Give again, character for character, the lines that lie between the first line of the material and the line with "118 students’ feedback", inclusive. Omit pictures.

• Information shown
◇ ◇ ◇ ◇
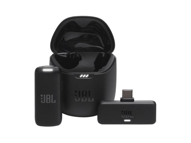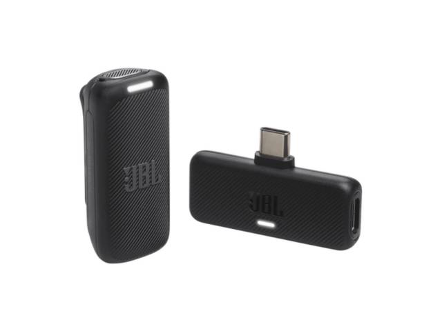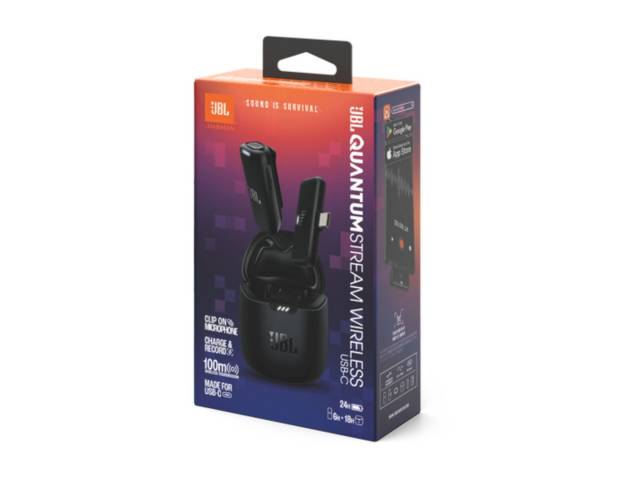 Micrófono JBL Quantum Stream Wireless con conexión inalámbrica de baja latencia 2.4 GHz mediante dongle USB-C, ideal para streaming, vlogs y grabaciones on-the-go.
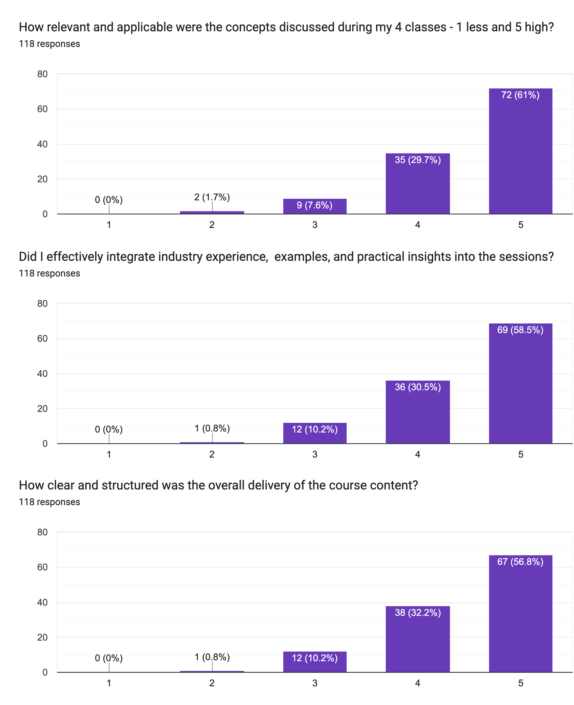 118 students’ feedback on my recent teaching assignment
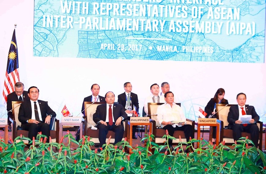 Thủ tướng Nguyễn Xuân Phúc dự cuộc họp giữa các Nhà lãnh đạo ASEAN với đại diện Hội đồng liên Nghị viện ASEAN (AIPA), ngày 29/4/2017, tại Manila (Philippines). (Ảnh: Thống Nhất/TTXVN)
◇ ◇ ◇ ◇
• Result of the task
 Micrófono JBL Quantum Stream Wireless con conexión inalámbrica de baja latencia 2.4 GHz mediante dongle USB-C, ideal para streaming, vlogs y grabaciones on-the-go.
 118 students’ feedback on my recent teaching assignment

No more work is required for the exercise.